Figure 2. Odor selectivity in type I and type II neurons.

a, Odor selectivity in a population of type I neurons. Spikes are counted over a duration of 1 s starting at the odor onset command. Each data point is the trial-averaged response to one odor in one experiment, with a line connecting all the responses from the same experiment (n=4 from GMR48F03-Gal4 [solid] and 4 from GMR73B12-Gal4 [dashed]). All odors are 10⁻² dilutions in paraffin oil (solvent), except where noted. Note the relatively broad tuning of type I neurons.

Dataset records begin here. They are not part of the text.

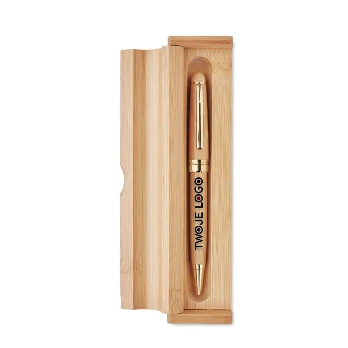 Zestaw upominkowy z obrotowym długopisem w bambusowym pudełku. Niebieski atrament. Bambus jest produktem naturalnym, mogą występować niewielkie różnice w kolorze i rozmiarze.
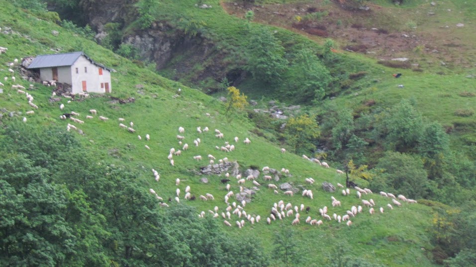 Quasi tutti gli ombrelli restano al campo base, nonostante la “lavata” della scorsa settimana. Dal parcheggio ad ingresso paese scendiamo ad attraversare il torrente e imbocchiamo verso sud est una traccia di pista gippabile, seguita da un bel sentiero, che ci conduce in meno di tre quarti d’ora all'Alpe Pennino Grande, 1498. Due foto e si vira decisamente a sud verso l'Alpe La Balma, 1671, che raggiungiamo in dolce salita. E' piacevole incontrare bovini, ovini ed equini, oltre a qualche ungulato in lontananza.
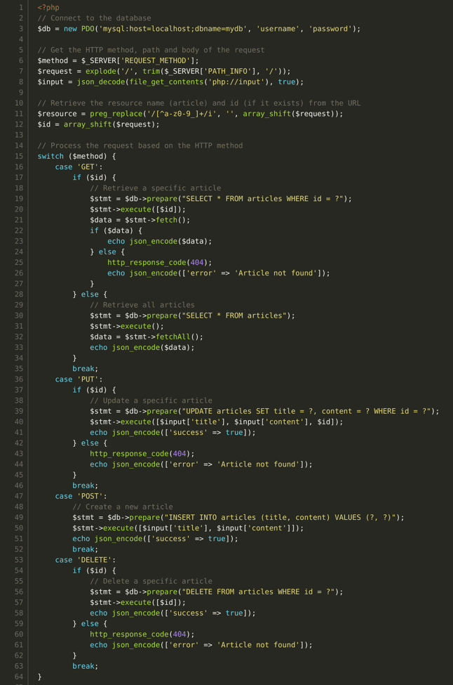 Request: “Write a PHP code which implements REST API with CRUD endpoints for article resource”.
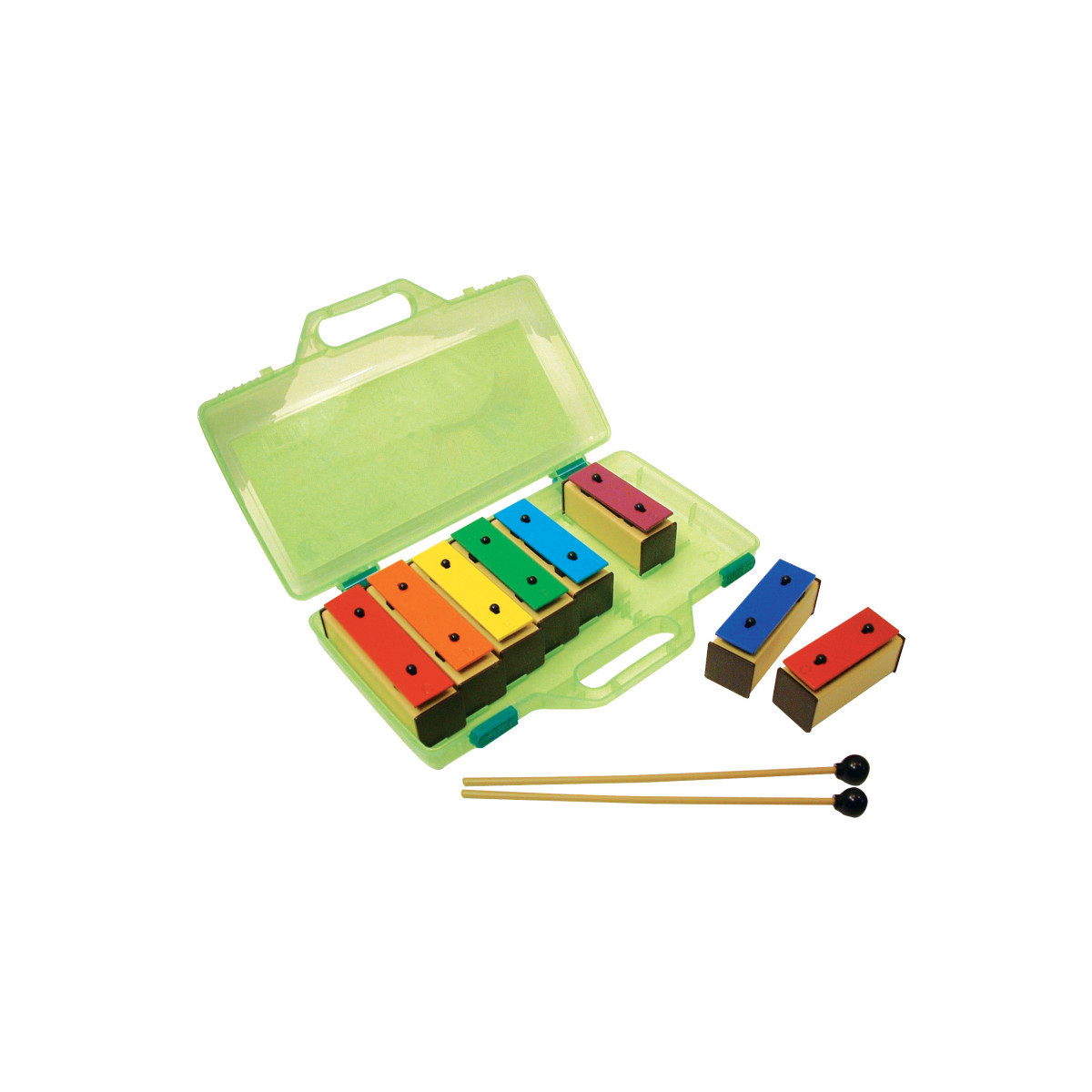 Brightly colored diatonic bell set with transparent case. Range is from middle c''' to c''''. Bells may be individually removed. One pair of mallets is included with the bells.
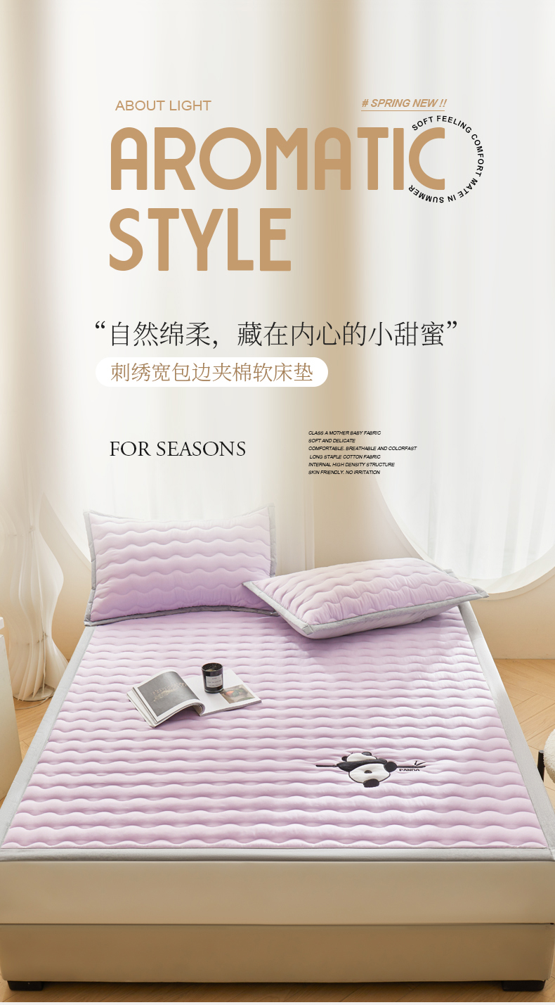 床垫/床褥 > LIFE.丽芙 2024新款素色刺绣宽包边大豆夹棉软床垫-四季款-panda系列 panda-优雅紫

b, Same for a population of type II neurons (n=4 from GMR44G08-Gal4 [solid] and 4 from GMR12H12-Gal4 [dashed]; note that some neurons did not spike in response to any odor, but all showed subthreshold responses). Tuning is significantly narrower in type II neurons as compared to type I neurons (unpaired two-tailed t-test comparing lifetime sparseness [see Methods], P<0.01).

c, Within a subtype of type I neurons (labeled by Mz671-Gal4), odor selectivity is stereotyped (n=6). The trace shows a typical in vivo whole-cell current clamp recording from one of these neurons. In all figures, a thick horizontal line indicates the 500-ms period when the odor valve was open.

d, Same as panel c but for the subtype of type II neurons labeled by NP6099-Gal4 (n=8). The trace shows a typical recording from one of these neurons. Tuning is significantly narrower in NP6099 neurons as compared to Mz671 neurons (unpaired two-tailed t-test, P<10⁻⁷).

e, Responses to an odor concentration series. Traces are averaged across trials and neurons (± s.e.m. across neurons). Responses are steady over time and grow monotonically with concentration.

f, Same as panel e for NP6099 neurons (n=8). Responses are more transient and are suppressed at high concentrations, suggesting the recruitment of inhibition.